I have been watching this hobby over the last several years and I've noticed when the local shopping mall has a baseball card show the collectors are mostly middle-aged men not little boys. Could it be that this is the age where superfluous cash exists enough to purchase the packs of cards at $2.50 a pop? Could it, in fact, be the entire reason the hobby had such a resurgence in the first place was due to all those little boys, who once sat on the ground playing with baseball cards, have grown up and happened to have cards laying around the house they wished to add to? I think it is a little of both. Without the nitty-gritty, hands on, playing with baseball cards these men did as they grew up there would be no reason to desire a bunch of pictures of over-paid sports players. Understand people, there is NO MORE PLAYING with these cards. I was about to purchase a collection that my son would not be able to touch, let alone make "clickers" out of. Even the slightest dent in one of these cards devalues the card in such a way that it would be totally impossible for any young child to appreciate ownership of these cards. Remember Aunt Virginia's plastic furniture slip covers? Didn't you wonder what red crushed velvet would have felt like under your backside? How can a young boy appreciate a hobby where the slick, slippery, glossy, full color, cardboard must be placed inside a plastic sheath, or worse yet an acrylic box to protect it for future value? How can anyone enjoy purchasing a box of cards never to be able to open it, always wondering what cards are in it as they save it for the future. Hey, to a kid, the future is the next cartoon coming on after the one their watching. Saving a whole box of cards would make me nuts, I'd have to open it, inspect each card, ohh and ahh, and show my folks, and anyone who would give me a moment of their time, the treasures inside. Now THAT'S collecting!
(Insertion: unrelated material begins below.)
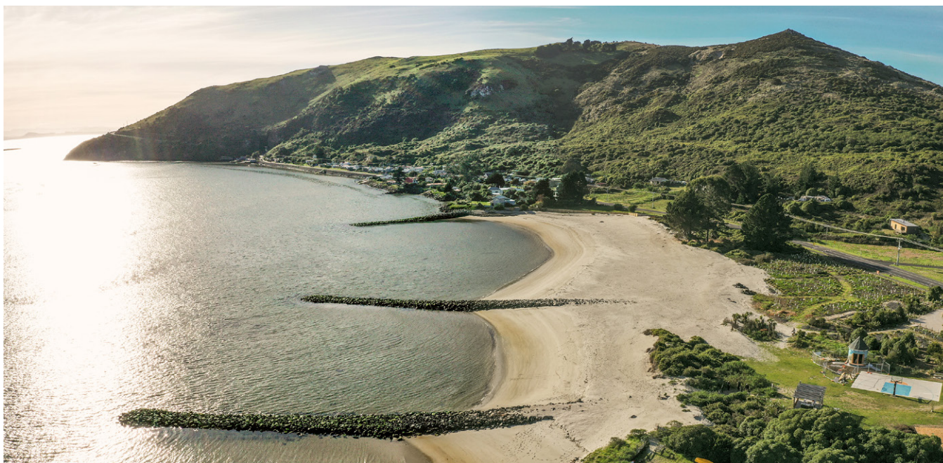
Te Rauone Beach, 31 May 2023.

The Te Rauone Beach community, who were instrumental in driving the project, are still going hard out to make the beach and surrounds a place they can be proud of. Earlier this year, they built a 100-metre long fence to prevent people crossing Ray’s property to access the beach, and have been planting native plants around the carpark and playground area.

I'd like to point out a couple of more things regarding sports cards that you may not know. For every players' face to be placed on a card either a release, or a contract for a percentage of the sales must be signed by the player himself. Therefore, the players with proven track records, who are receiving overly abundant salaries due to contract negotiations based on their records, are also making money off baseball card sales. Now, I don't know about you, but it kinda bugs me that by purchasing these cards I am not only encouraging the glut of money these men make, but actually adding to it on a personal level. Furthermore, I have been a witness to the sales of autographs of "celebrity" players by themselves! What audacity! It is the fans that make baseball, and any other sport for that matter, matter. Without fans players would be nowhere. Yet, is the fan appreciated when he/she purchases a player's favorite style bat or glove, then stands in line with other fans to pay Joe Blow player $35.00 for his signature on it? Well, I suppose if people are dumb enough to submit themselves to this, and Joe Blow player is greedy enough to take advantage of their stupidity...

Before I became a mother I had imagined having a son who would naturally play baseball and collect his favorite team's cards. It's sad for me to see a hobby that once belonged to young boys be taken over by greedy, money grabbing adults. Hey, did you know Disney makes cards of their movies? And the best thing is my son can PLAY with them!